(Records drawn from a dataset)
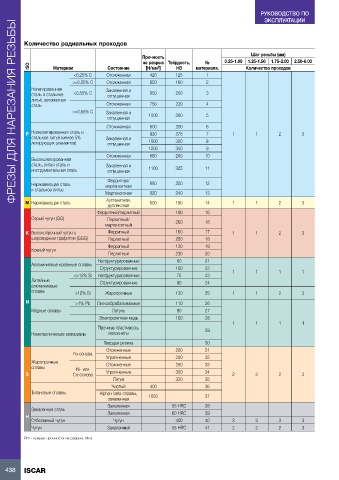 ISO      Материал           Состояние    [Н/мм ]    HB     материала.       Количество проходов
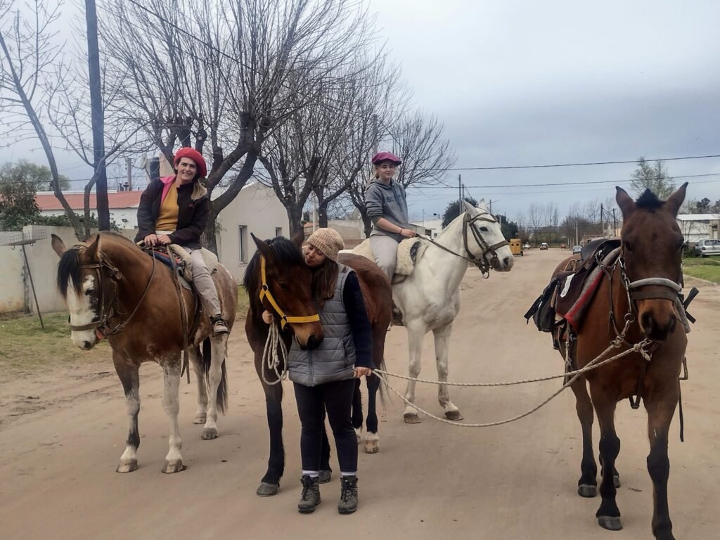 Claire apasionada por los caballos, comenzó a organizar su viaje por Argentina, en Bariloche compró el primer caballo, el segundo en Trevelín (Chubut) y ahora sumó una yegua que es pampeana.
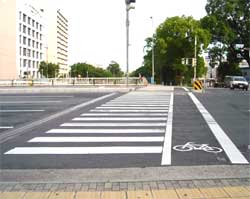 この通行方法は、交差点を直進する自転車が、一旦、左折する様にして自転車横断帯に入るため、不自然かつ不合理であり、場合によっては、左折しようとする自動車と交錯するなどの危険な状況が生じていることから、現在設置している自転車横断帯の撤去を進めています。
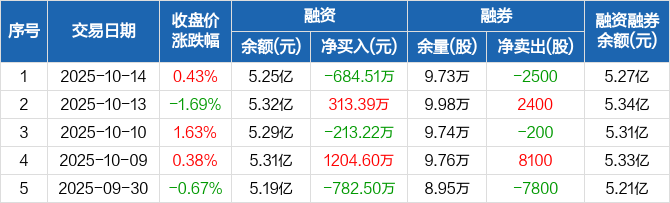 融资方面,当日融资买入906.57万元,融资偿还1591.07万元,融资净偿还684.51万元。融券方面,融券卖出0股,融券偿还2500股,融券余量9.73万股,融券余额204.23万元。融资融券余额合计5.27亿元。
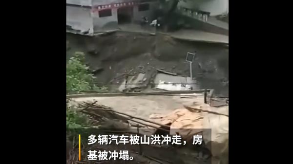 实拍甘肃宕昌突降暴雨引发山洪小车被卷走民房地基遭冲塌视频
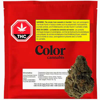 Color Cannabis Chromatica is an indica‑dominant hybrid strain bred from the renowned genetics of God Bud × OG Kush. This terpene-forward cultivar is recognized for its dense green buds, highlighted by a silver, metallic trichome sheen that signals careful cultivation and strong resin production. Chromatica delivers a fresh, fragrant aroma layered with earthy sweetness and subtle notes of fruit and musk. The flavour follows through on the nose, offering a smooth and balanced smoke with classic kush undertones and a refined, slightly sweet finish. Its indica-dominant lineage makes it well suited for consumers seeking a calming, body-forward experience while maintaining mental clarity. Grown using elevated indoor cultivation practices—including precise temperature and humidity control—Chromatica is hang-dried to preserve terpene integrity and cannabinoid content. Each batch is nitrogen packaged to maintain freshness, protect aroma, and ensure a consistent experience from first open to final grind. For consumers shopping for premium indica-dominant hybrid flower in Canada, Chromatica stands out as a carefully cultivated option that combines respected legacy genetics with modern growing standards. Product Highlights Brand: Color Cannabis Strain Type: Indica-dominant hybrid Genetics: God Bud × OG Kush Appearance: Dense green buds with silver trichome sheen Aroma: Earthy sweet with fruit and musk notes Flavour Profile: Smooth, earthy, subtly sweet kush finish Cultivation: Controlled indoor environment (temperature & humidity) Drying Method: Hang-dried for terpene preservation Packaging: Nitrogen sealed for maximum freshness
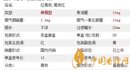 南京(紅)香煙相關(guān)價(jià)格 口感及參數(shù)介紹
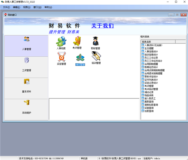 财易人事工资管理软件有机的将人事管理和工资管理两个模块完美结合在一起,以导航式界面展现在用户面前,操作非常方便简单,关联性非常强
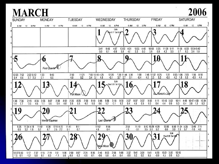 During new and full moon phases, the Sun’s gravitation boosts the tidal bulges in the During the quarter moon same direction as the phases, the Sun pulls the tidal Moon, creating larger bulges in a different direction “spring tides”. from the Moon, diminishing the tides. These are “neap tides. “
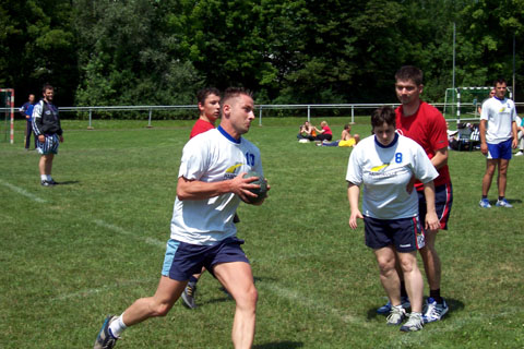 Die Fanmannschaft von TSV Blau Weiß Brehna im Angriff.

**WHAT YOU SHOULD DO:** Between and including the line with "融资方面,当日融资买入906" and the line with "实拍甘肃宕昌突降暴雨引发山洪小车被卷走民房地基遭冲塌视频", repeat every line exactly as it appears above, with pictures left out.

**WRITTEN RESPONSE:**
 融资方面,当日融资买入906.57万元,融资偿还1591.07万元,融资净偿还684.51万元。融券方面,融券卖出0股,融券偿还2500股,融券余量9.73万股,融券余额204.23万元。融资融券余额合计5.27亿元。
 实拍甘肃宕昌突降暴雨引发山洪小车被卷走民房地基遭冲塌视频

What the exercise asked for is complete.